Segment Start: Collected material

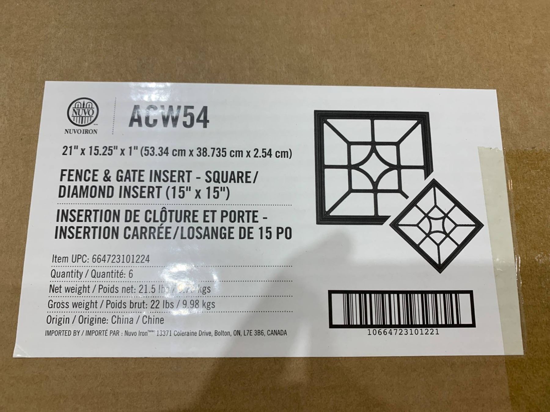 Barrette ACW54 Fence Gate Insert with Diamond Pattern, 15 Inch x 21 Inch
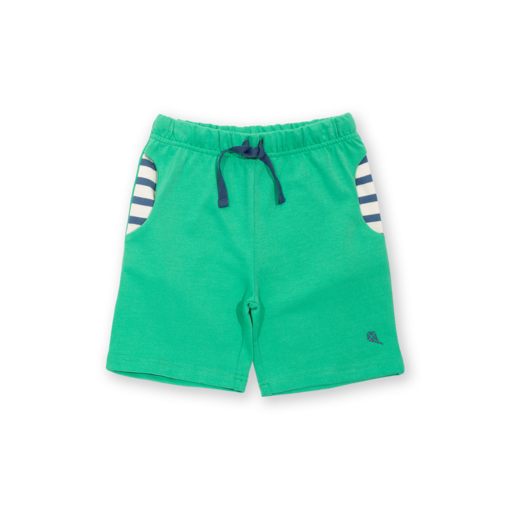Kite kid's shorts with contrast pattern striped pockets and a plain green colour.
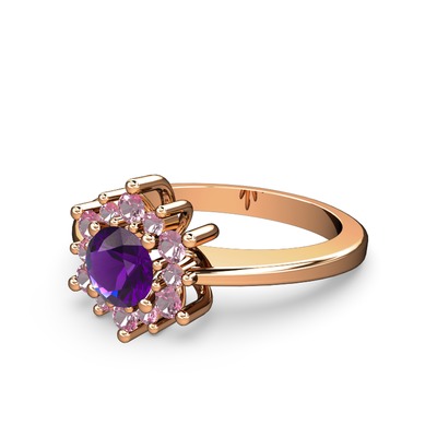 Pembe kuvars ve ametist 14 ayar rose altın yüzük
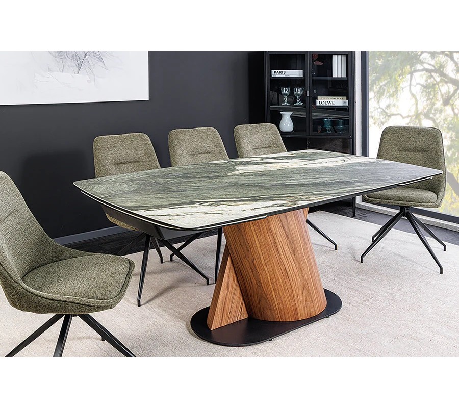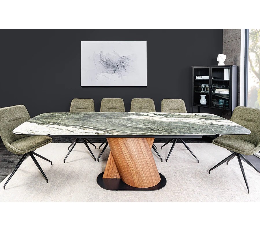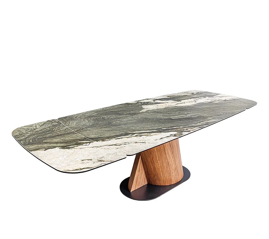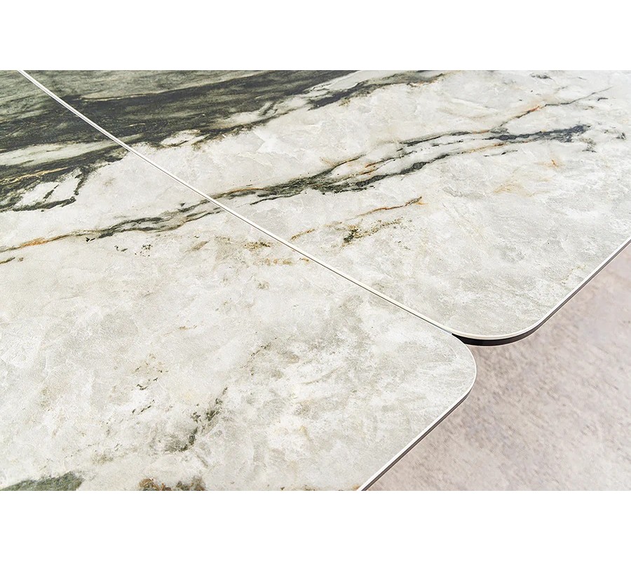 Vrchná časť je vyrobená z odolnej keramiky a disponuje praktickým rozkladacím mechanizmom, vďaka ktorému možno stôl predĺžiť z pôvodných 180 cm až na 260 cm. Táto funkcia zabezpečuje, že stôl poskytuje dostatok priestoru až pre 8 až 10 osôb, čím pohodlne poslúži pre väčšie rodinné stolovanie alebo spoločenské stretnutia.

Segment End: Collected material

Output the whole listing exactly. Pictures stay out.

 Barrette ACW54 Fence Gate Insert with Diamond Pattern, 15 Inch x 21 Inch
Kite kid's shorts with contrast pattern striped pockets and a plain green colour.
 Pembe kuvars ve ametist 14 ayar rose altın yüzük
 Vrchná časť je vyrobená z odolnej keramiky a disponuje praktickým rozkladacím mechanizmom, vďaka ktorému možno stôl predĺžiť z pôvodných 180 cm až na 260 cm. Táto funkcia zabezpečuje, že stôl poskytuje dostatok priestoru až pre 8 až 10 osôb, čím pohodlne poslúži pre väčšie rodinné stolovanie alebo spoločenské stretnutia.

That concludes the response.